##### GIVEN INFORMATION #####

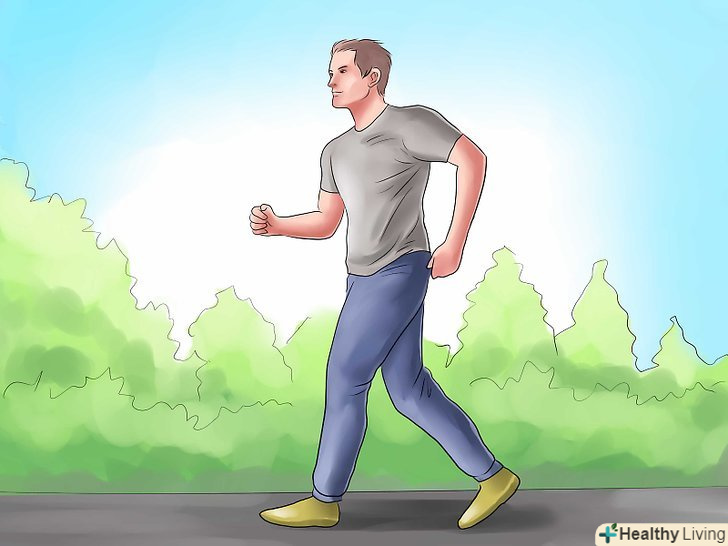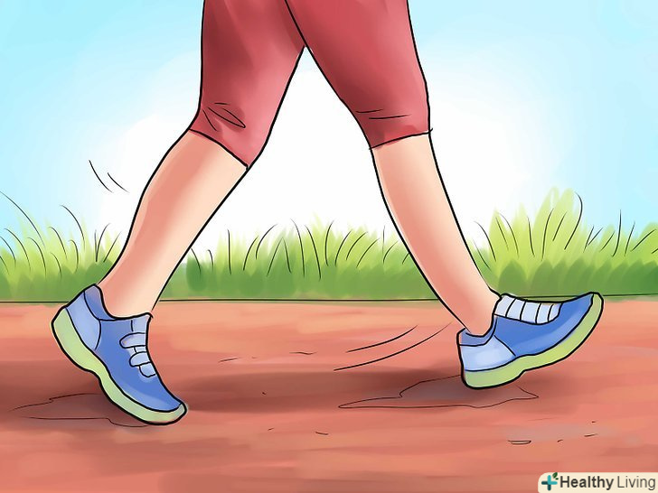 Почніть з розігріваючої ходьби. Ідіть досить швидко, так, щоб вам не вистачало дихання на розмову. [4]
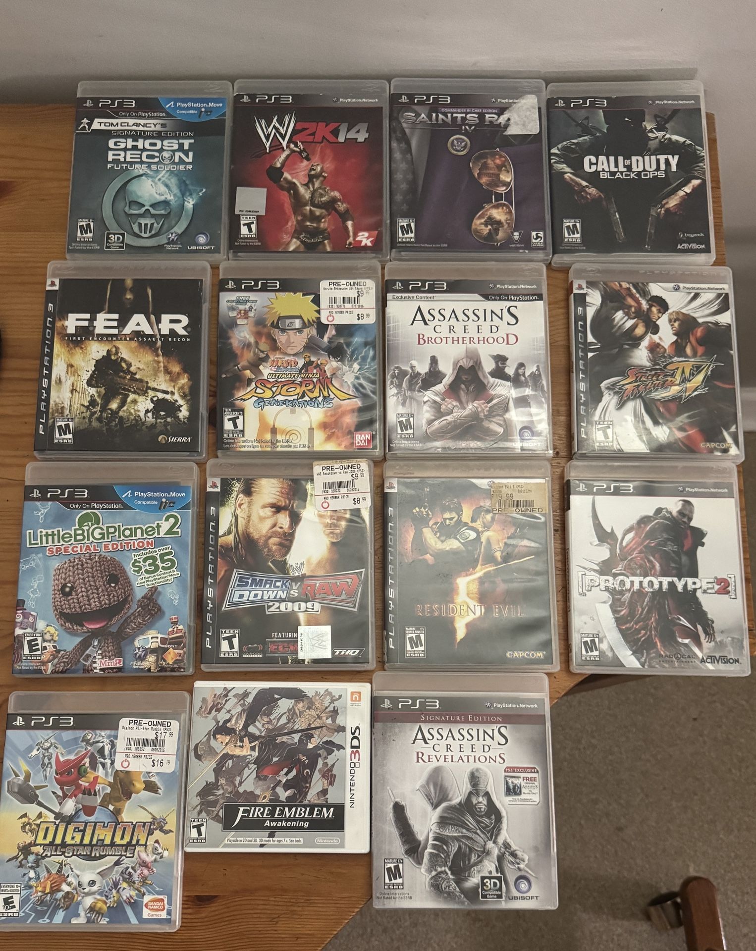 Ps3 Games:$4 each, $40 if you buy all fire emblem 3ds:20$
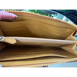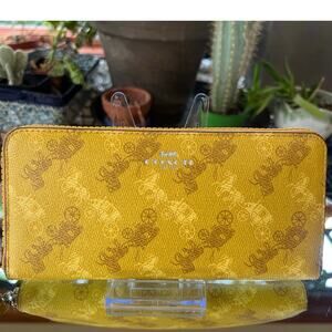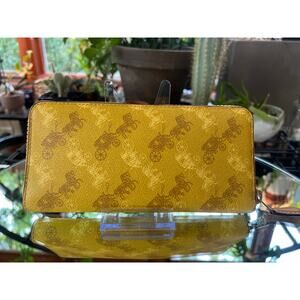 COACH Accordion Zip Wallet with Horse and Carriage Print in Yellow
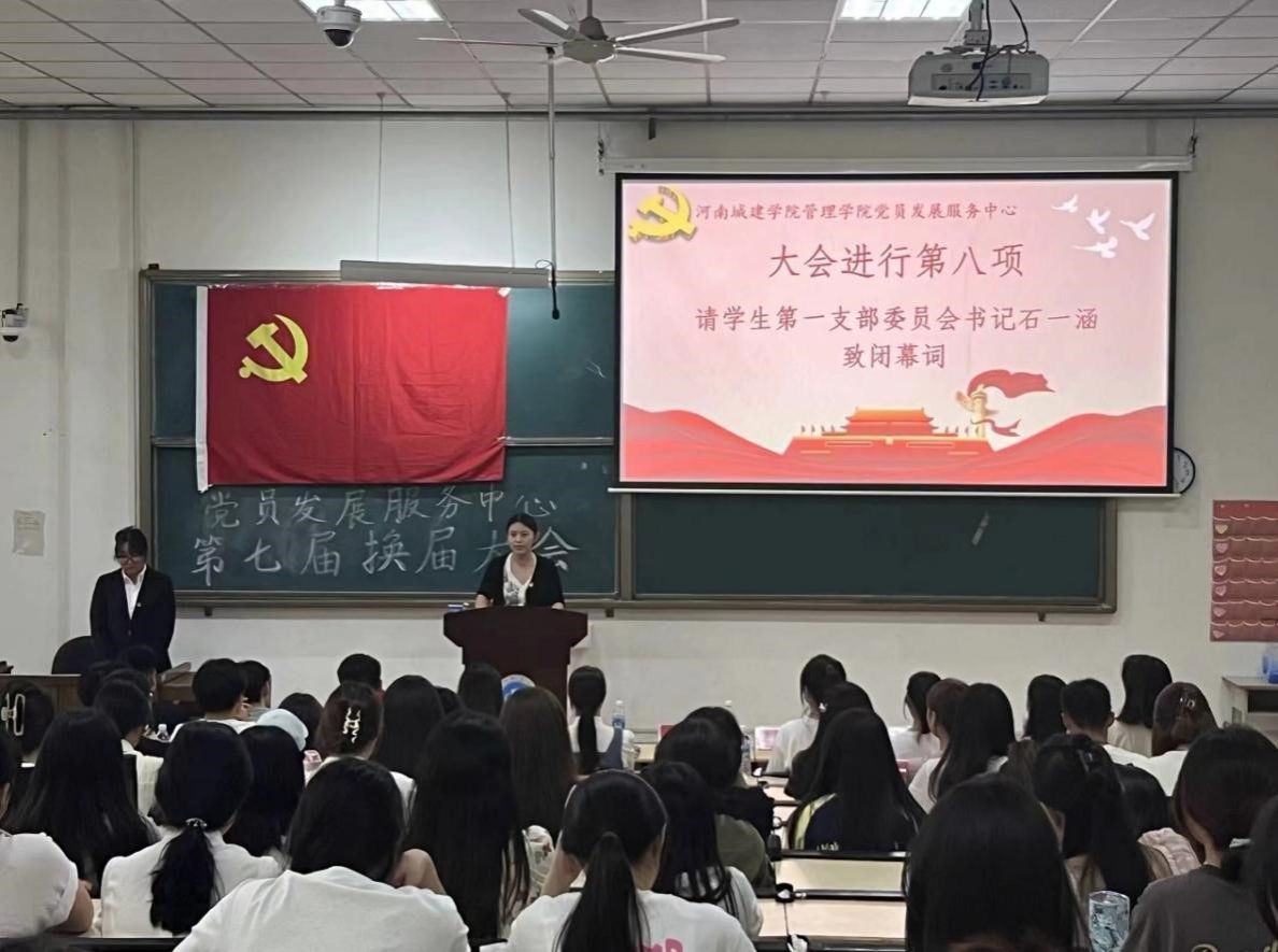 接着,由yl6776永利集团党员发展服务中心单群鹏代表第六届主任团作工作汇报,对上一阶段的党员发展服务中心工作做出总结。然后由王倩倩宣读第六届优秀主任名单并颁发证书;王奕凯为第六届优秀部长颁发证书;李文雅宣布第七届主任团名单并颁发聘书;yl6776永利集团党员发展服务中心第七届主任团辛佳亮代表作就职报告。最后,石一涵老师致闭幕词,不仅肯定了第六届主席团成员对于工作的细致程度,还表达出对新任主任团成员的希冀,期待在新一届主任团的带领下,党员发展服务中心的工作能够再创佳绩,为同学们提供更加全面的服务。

#####

> WORK TO COMPLETE: Output the material word for word, omitting its pictures.

> SOLUTION TO THIS PROBLEM:
 Почніть з розігріваючої ходьби. Ідіть досить швидко, так, щоб вам не вистачало дихання на розмову. [4]
 Ps3 Games:$4 each, $40 if you buy all fire emblem 3ds:20$
 COACH Accordion Zip Wallet with Horse and Carriage Print in Yellow
 接着,由yl6776永利集团党员发展服务中心单群鹏代表第六届主任团作工作汇报,对上一阶段的党员发展服务中心工作做出总结。然后由王倩倩宣读第六届优秀主任名单并颁发证书;王奕凯为第六届优秀部长颁发证书;李文雅宣布第七届主任团名单并颁发聘书;yl6776永利集团党员发展服务中心第七届主任团辛佳亮代表作就职报告。最后,石一涵老师致闭幕词,不仅肯定了第六届主席团成员对于工作的细致程度,还表达出对新任主任团成员的希冀,期待在新一届主任团的带领下,党员发展服务中心的工作能够再创佳绩,为同学们提供更加全面的服务。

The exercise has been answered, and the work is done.